DATA EXTRACTS:
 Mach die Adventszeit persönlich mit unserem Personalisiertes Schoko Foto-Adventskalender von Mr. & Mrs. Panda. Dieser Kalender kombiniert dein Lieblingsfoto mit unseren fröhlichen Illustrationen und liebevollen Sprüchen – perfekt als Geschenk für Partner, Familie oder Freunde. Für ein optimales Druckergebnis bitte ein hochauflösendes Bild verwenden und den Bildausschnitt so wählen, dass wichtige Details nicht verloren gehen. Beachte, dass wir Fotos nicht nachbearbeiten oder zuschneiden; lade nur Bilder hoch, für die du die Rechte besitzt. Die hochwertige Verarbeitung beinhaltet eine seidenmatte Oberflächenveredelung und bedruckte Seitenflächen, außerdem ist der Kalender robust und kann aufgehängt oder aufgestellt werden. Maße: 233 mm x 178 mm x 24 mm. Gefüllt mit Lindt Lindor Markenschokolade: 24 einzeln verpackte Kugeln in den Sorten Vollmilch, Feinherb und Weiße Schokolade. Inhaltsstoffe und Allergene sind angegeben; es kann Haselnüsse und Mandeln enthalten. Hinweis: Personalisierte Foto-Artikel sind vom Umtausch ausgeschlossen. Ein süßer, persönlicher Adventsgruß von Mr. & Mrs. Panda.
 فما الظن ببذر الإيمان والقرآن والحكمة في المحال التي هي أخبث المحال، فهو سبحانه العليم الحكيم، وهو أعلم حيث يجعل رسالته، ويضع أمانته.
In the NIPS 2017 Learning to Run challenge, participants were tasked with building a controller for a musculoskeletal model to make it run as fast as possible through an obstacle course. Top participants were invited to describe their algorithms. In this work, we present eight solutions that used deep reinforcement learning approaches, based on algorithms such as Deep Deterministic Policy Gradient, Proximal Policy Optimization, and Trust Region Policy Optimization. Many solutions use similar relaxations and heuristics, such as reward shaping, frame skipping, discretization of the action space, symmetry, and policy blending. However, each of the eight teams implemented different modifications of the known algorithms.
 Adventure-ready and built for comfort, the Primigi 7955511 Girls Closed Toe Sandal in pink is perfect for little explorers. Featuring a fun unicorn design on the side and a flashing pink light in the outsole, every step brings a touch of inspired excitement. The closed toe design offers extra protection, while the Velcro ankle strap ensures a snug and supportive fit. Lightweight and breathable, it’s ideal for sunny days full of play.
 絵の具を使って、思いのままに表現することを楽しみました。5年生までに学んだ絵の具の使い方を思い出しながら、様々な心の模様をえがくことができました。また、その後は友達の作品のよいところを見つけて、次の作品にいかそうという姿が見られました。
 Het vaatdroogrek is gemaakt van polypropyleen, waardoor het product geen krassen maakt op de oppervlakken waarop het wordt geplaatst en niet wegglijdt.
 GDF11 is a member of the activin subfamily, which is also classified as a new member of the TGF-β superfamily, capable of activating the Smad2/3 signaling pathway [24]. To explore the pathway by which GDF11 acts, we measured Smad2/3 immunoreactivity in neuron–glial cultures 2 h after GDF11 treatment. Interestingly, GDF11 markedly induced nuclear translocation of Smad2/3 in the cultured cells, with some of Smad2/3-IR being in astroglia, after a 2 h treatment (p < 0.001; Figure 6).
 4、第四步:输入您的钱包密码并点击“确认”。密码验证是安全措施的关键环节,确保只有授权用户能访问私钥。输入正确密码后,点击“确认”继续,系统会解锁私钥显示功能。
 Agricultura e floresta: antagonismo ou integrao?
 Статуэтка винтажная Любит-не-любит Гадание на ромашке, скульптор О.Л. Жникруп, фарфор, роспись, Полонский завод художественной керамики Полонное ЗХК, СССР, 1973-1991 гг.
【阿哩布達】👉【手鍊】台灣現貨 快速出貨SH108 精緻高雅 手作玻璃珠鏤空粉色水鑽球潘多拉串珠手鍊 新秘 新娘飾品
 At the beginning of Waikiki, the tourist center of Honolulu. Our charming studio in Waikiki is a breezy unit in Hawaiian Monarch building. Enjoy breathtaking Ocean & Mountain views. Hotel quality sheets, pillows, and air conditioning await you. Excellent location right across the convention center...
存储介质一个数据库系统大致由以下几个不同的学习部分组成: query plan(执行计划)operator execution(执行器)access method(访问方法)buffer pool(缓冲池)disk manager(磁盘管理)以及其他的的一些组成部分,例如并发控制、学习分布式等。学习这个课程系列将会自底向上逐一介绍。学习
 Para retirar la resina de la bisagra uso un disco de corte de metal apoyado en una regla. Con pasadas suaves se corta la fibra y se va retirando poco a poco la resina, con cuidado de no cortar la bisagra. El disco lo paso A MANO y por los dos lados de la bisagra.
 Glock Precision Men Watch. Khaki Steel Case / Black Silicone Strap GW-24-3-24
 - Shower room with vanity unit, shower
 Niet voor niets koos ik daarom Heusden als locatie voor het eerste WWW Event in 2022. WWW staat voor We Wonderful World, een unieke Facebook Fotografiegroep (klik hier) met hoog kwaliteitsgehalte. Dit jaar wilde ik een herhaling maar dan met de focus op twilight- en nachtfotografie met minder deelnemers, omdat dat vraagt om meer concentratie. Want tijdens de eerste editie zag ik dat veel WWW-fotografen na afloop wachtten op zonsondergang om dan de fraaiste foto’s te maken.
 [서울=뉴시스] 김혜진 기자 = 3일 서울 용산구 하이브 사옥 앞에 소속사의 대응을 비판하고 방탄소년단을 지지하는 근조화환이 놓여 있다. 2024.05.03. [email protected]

WHAT IS NEEDED: Your answer should be a single number: the count of lines above that contain the word "unit".

SOLUTION TO THIS PROBLEM: 2